The SIFI designation subjects banks to very strict risk mitigation requirements, strict federal stress tests and stricter oversight by the Federal Reserve.
Idaho Republican Sen. Mike Crapo chairs the banking committee. His bill raises that figure to $250 billion from the $50 billion. And he has nine Democrats co-sponsoring his bill and eight other Republicans — seven of whom are on the banking committee.
Under the agreement, banks with less than $100 billion in assets will be immediately dropped from federal oversight. “The bipartisan proposals on which we have agreed will significantly improve our financial regulatory framework and foster economic growth by right-sizing regulation, particularly for smaller financial institutions and community banks,” Crapo said.

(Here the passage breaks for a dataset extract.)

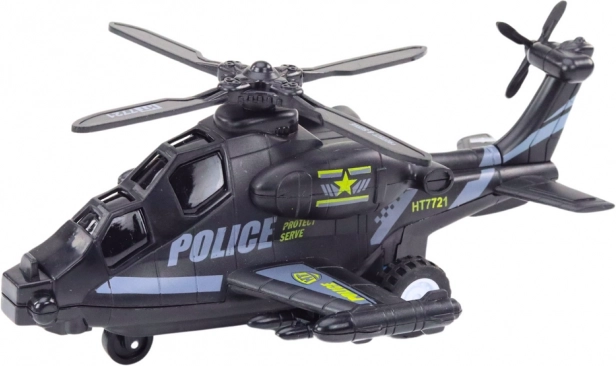 Policijski helikopter je opremljen s frikcijskim pogonom - samo ga potisnite naprej in prevozil bo dolge razdalje, simulirajoč realistične lete in pristanke. Poleg tega utripajoče luči popestrijo igro, dodajajoč realizem vsaki policijski akciji. Vgrajeni zvočni učinki, ki se aktivirajo med igro, naredijo vsako misijo še bolj vznemirljivo. Trdna konstrukcija iz odpornih materialov zagotavlja dolge ure varne igre, in preprost mehanizem frikcijskega pogona je idealen za male roke.

Included in the bill are some measures to reduce regulations on community banks and to limit report collection data. It also gives consumers expanded access to mortgages.
Crapo did not get support from the ranking member of his committee Sen. Sherrod Brown of Ohio. They worked on a deal for quite awhile but they never could come to terms. In the end, Brown said he can’t support the bill.
“I understand my colleagues’ interest in agreeing to this legislation, but disagree on the wisdom of rolling back so many of Dodd-Frank’s protections with almost no gains for working families. Banks made record profits last year and it looks like executives will get bigger bonuses this year. Hourly wages have stagnated for 40 years, and too many Americans are still feeling the impact of the 2008 financial crisis,” Brown said.
And then he asked, “Who needs help the most?”
The bill still has to get through the full Senate but with the nine Democrats supporting the idea, a Democrat filibuster is not likely to succeed.